The demo features a tight character controller and dynamic moveset, custom made and performant shaders as well as a unique system that makes it possible to clear the environment and in exchange grow foliage.
In addition to the concept, assets and worldbuilding, I also built an adaptive soundtrack that adapts to both the environment itself and the cleanliness of the environment. I used garageband to create melodies for each instrument and FMOD to make each individual instrument (and ambient noise) fade in or out based on various factors. It was important to me that the sound and UI adapt to the whole concept and are polished as well as possible within the 5 months development time.
When I first started the project, I knew in which direction I wanted to go and played around with various concepts.
Since my focus was on technical art, I played around with a custom plant generator, that would use Unreal Engine's Data Tables and Structs to randomly* generate a stem, a random* amount of branches, plants and of course different meshes. While it was quite fun, the performance wasn't optimal and adding skeletal meshes for animation was overkill. So I turned to VATs.

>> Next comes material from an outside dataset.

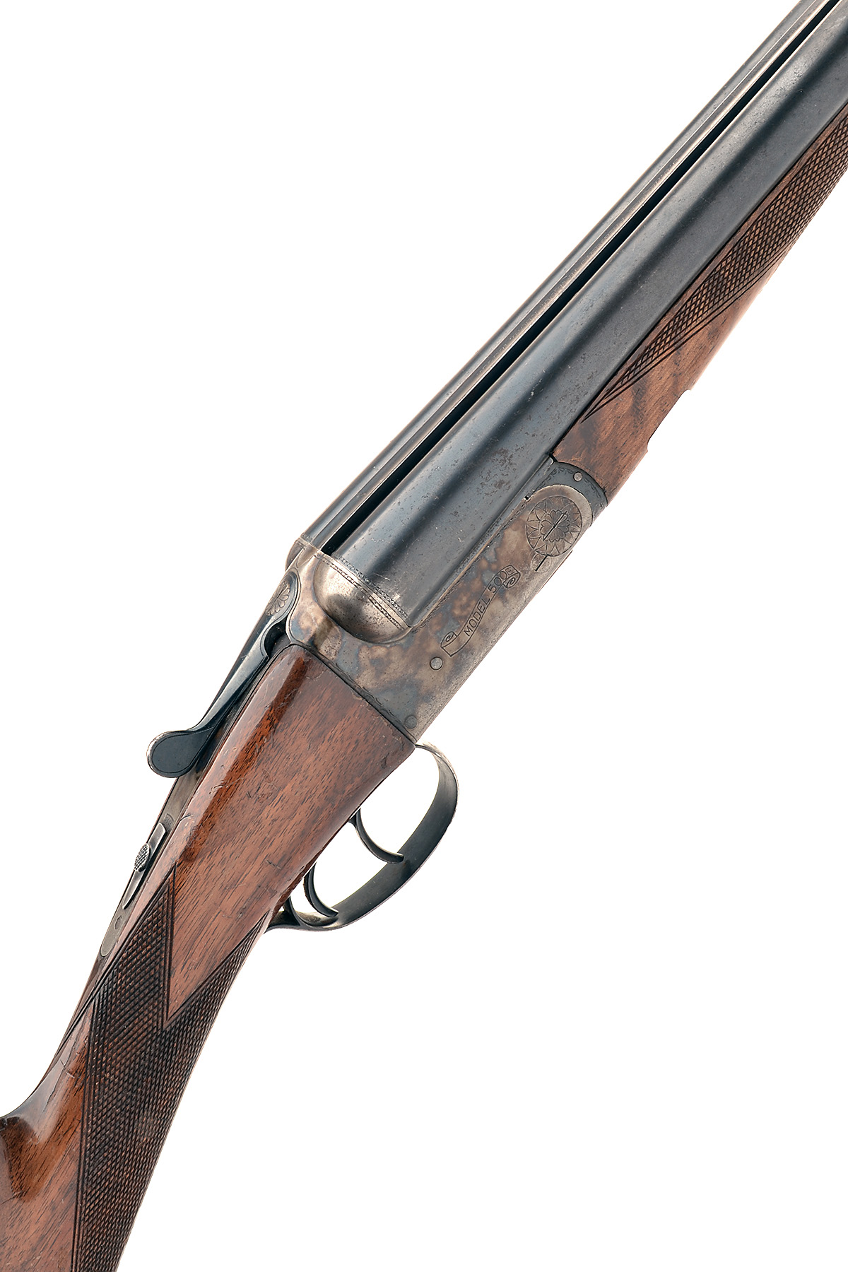 B.C. MIROKU 12-BORE 'MODEL 500E' BOXLOCK EJECTOR, serial no. 198163, 28in. nitro barrels, 2 3/4in. chambers, bored approx. 1/4 and full choke, automatic safety, border engraving, retaining some original colour-hardening and finish, 14 3/4in. stock including buttplate, cracked at hand

*seemingly. Each variable had a set probability to spawn each different mesh.
Vertex Animation Textures use rows and columns to display each vertex and its x, y and z coordinates. In the material editor I used this texture to create a shader that simulates custom animations. That worked but after implementing the first few VATs I realized that it was impossible to create, implement and polish like 20 more foliage assets. In the end, players might not even notice such a small detail- but I do have to say that I learned a lot.
The final demo used basic textures meshes and a world offset to simulate wind and a little bit of wiggle when the player moves through. It is the most performant, efficient and logical solution considering I only had 5 months to develop the demo.